● **PROBLEM TO WORK ON**
Only the lines below from the one that contains "Lingo's Copy button." through the one that contains "Chalkboard sign outside" should appear in your answer, exact and without pictures.

● **EXERCISE MATERIALS**
##############################
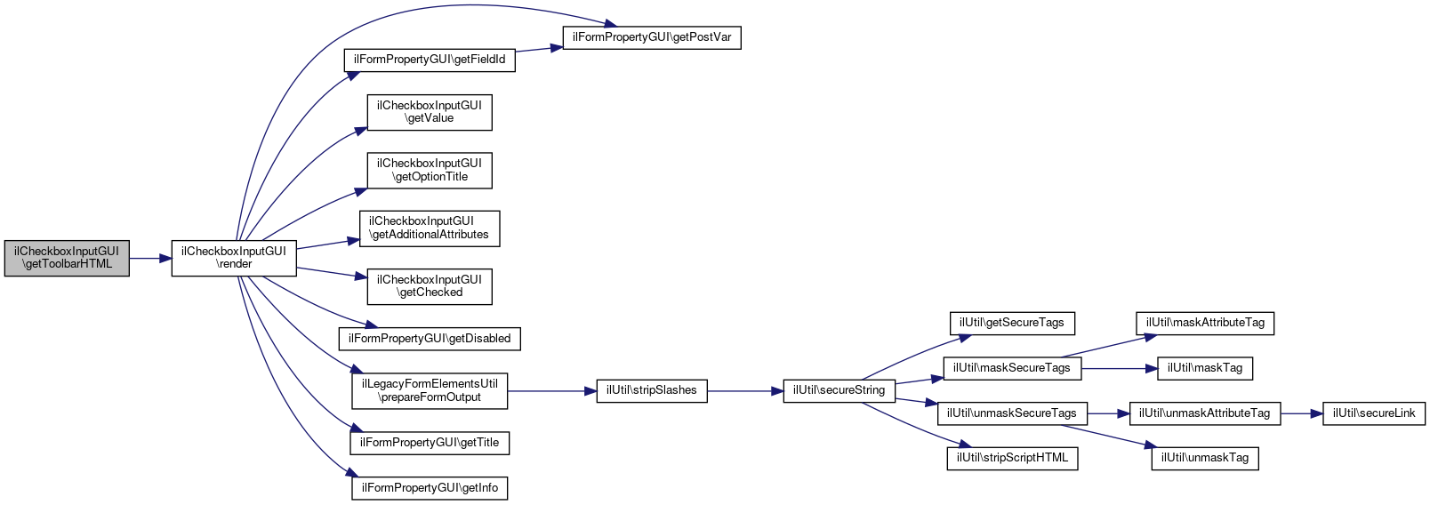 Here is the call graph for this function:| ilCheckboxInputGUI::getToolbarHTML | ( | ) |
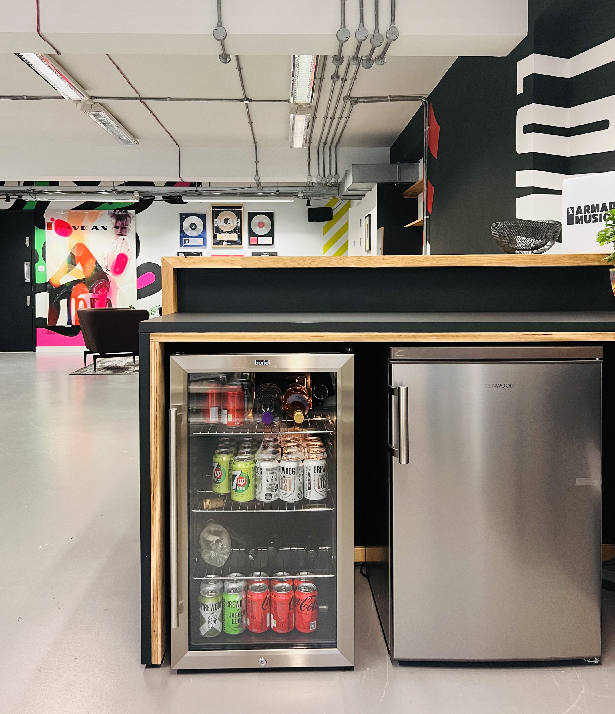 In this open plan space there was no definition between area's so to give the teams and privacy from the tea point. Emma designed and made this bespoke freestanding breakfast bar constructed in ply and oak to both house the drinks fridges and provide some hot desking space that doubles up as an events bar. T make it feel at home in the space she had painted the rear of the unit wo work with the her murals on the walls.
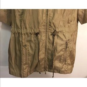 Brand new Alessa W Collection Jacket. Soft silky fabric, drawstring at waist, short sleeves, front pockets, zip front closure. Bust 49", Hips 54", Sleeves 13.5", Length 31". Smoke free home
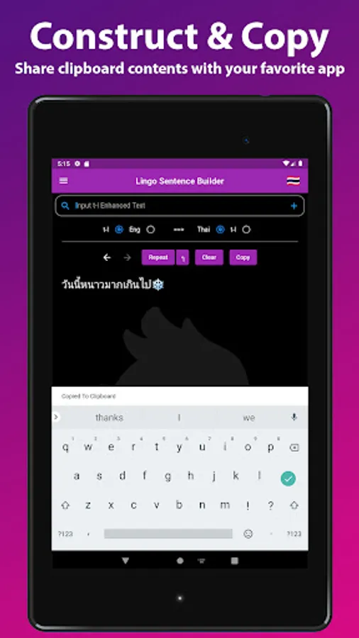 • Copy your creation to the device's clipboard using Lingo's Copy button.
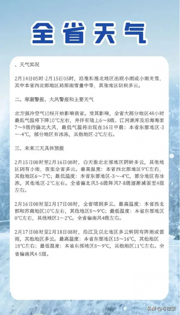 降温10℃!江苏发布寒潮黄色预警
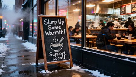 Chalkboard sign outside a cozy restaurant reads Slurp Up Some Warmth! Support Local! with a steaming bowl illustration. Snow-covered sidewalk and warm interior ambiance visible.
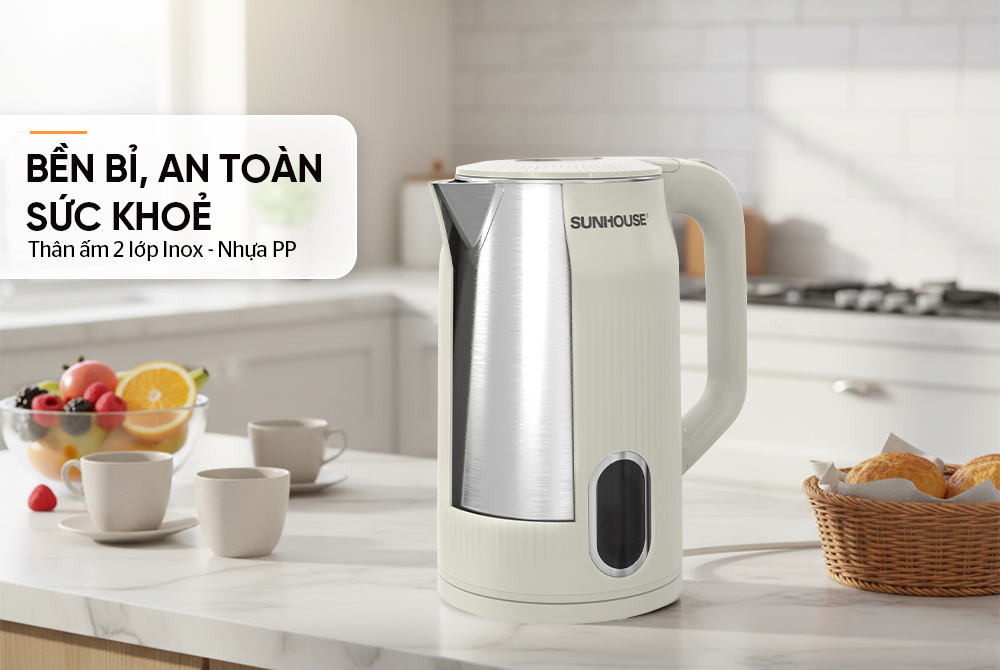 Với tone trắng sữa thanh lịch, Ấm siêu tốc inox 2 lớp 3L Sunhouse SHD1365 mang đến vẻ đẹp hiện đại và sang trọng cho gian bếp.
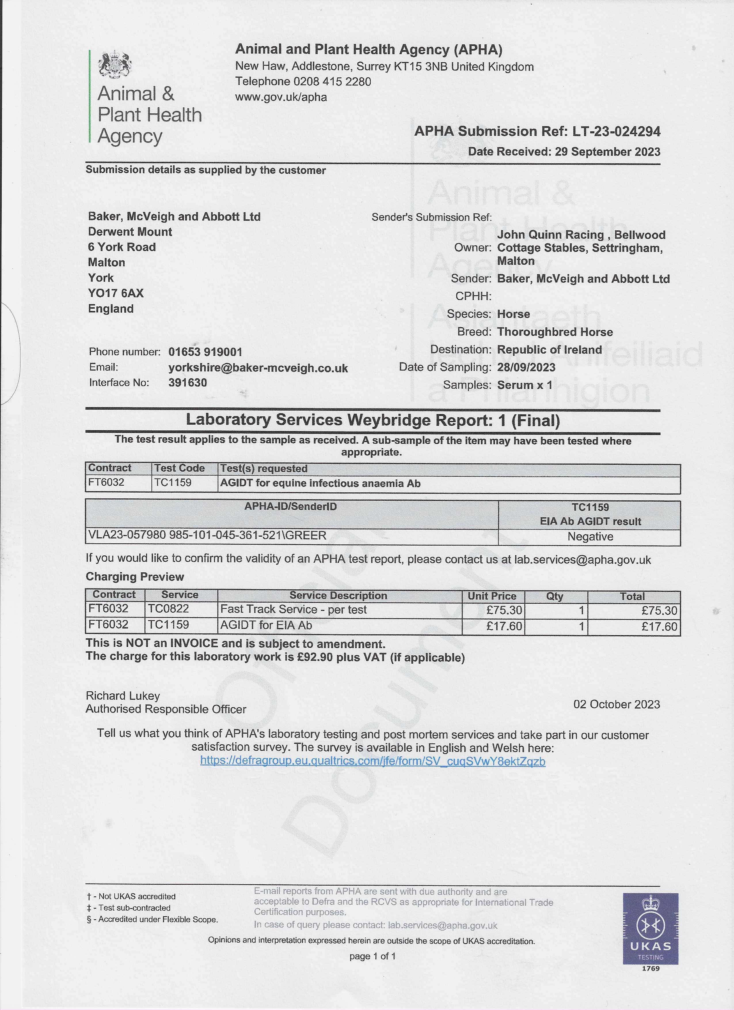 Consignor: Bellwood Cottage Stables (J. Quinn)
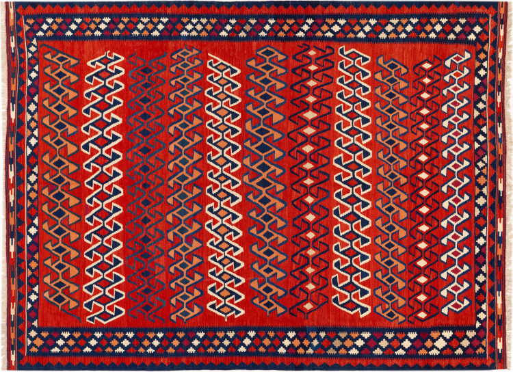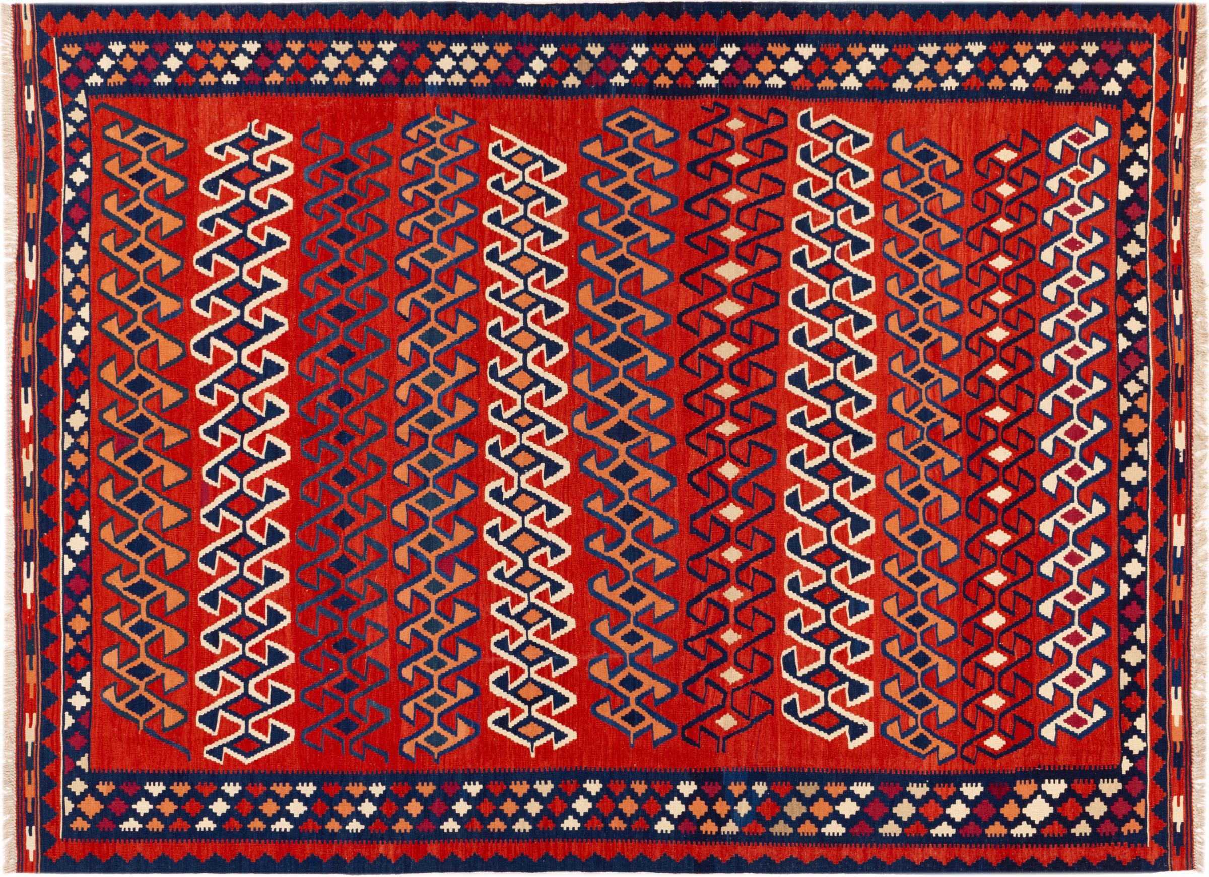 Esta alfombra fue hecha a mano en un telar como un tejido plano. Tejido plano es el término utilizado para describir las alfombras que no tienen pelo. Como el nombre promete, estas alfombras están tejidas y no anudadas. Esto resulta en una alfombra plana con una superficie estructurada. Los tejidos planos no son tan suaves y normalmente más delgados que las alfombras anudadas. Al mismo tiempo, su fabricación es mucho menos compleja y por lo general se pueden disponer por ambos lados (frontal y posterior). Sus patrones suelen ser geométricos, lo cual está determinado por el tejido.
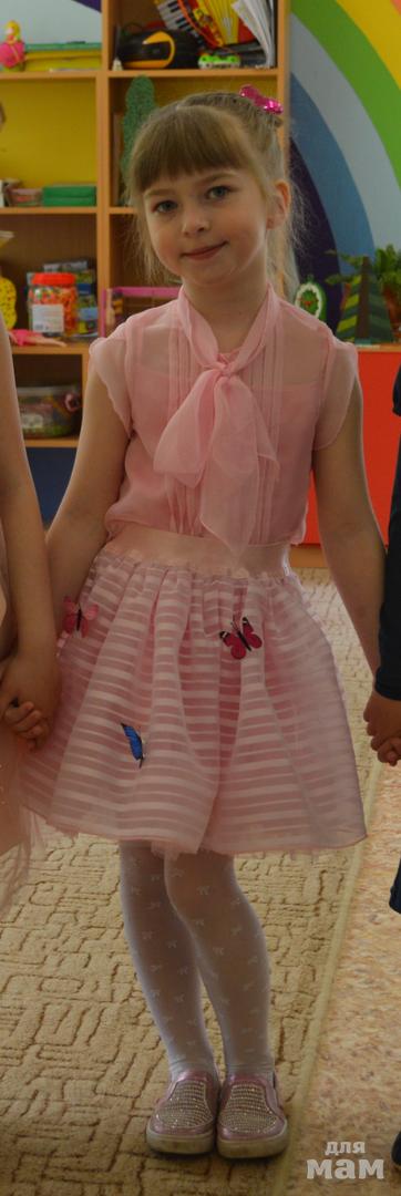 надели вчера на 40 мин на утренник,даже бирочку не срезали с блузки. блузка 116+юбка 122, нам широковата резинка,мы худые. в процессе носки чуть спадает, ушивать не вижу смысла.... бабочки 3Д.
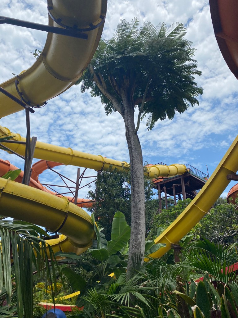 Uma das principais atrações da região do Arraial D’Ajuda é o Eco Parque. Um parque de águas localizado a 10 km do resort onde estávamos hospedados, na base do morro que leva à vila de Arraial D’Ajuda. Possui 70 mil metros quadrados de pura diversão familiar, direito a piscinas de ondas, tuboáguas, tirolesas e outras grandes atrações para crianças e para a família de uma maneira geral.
##############################
● **ANSWER SECTION**
 • Copy your creation to the device's clipboard using Lingo's Copy button.
 降温10℃!江苏发布寒潮黄色预警
 Chalkboard sign outside a cozy restaurant reads Slurp Up Some Warmth! Support Local! with a steaming bowl illustration. Snow-covered sidewalk and warm interior ambiance visible.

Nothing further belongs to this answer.